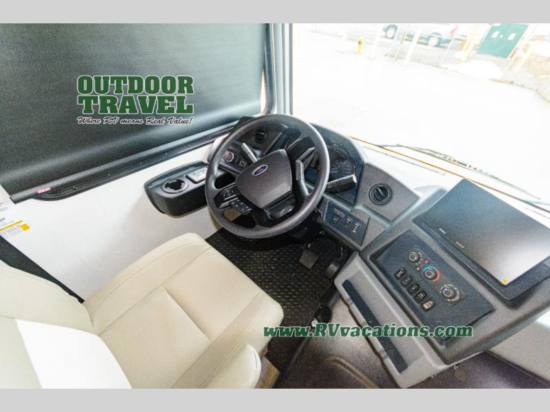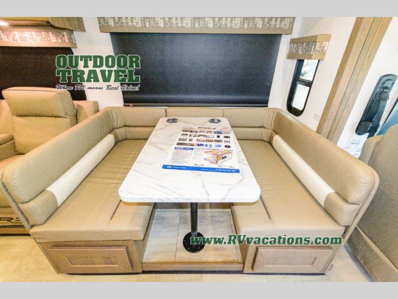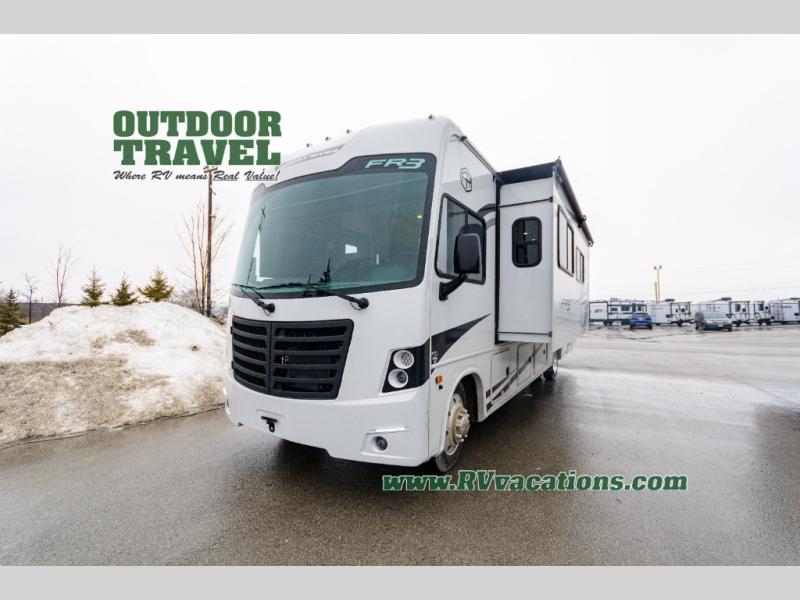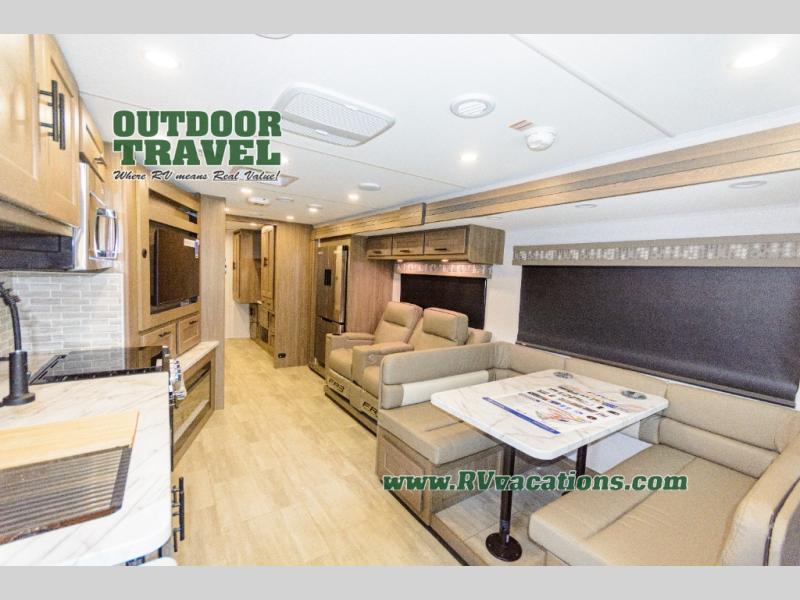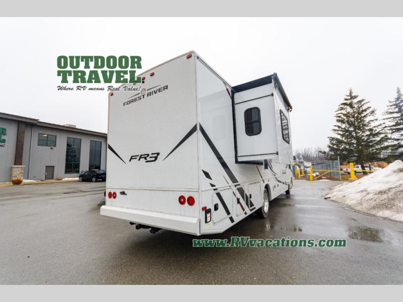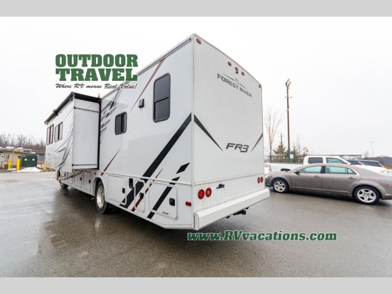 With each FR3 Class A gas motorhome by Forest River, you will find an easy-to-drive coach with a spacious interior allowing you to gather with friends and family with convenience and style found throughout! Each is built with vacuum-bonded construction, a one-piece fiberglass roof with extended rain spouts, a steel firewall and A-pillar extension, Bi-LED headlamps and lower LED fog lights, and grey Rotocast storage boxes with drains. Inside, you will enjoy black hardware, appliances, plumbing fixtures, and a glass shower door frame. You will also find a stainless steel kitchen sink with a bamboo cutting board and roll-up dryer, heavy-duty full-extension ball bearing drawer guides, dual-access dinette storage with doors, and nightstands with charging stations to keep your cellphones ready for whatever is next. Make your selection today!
----------
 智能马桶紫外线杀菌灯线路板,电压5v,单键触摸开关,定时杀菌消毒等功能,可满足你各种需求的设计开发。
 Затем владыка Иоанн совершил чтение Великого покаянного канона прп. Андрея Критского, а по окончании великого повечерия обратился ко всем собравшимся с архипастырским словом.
----------
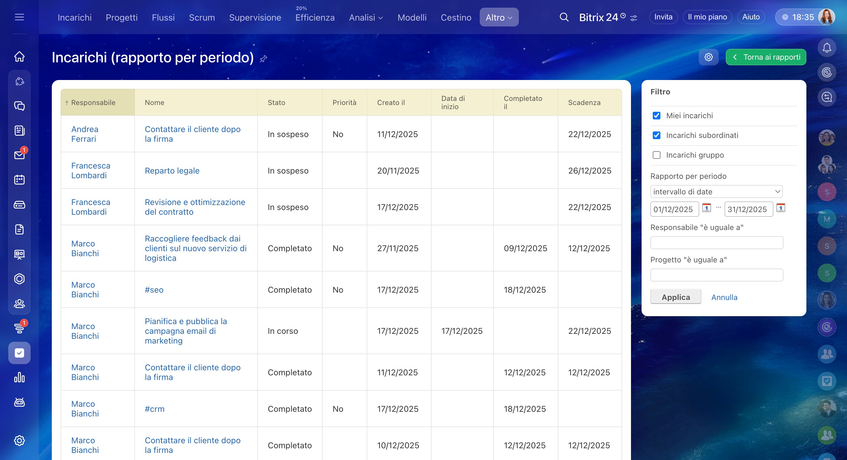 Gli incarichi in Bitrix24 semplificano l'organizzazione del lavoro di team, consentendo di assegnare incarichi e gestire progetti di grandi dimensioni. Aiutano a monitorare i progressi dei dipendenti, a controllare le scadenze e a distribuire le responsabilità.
----------
# What you should do:
Starting with the line with "智能马桶紫外线杀菌灯线路板,电压5v,单" above and going on through the line with "Затем владыка Иоанн", transcribe every line exactly, both ends included, and add nothing.

# Answer section:
 智能马桶紫外线杀菌灯线路板,电压5v,单键触摸开关,定时杀菌消毒等功能,可满足你各种需求的设计开发。
 Затем владыка Иоанн совершил чтение Великого покаянного канона прп. Андрея Критского, а по окончании великого повечерия обратился ко всем собравшимся с архипастырским словом.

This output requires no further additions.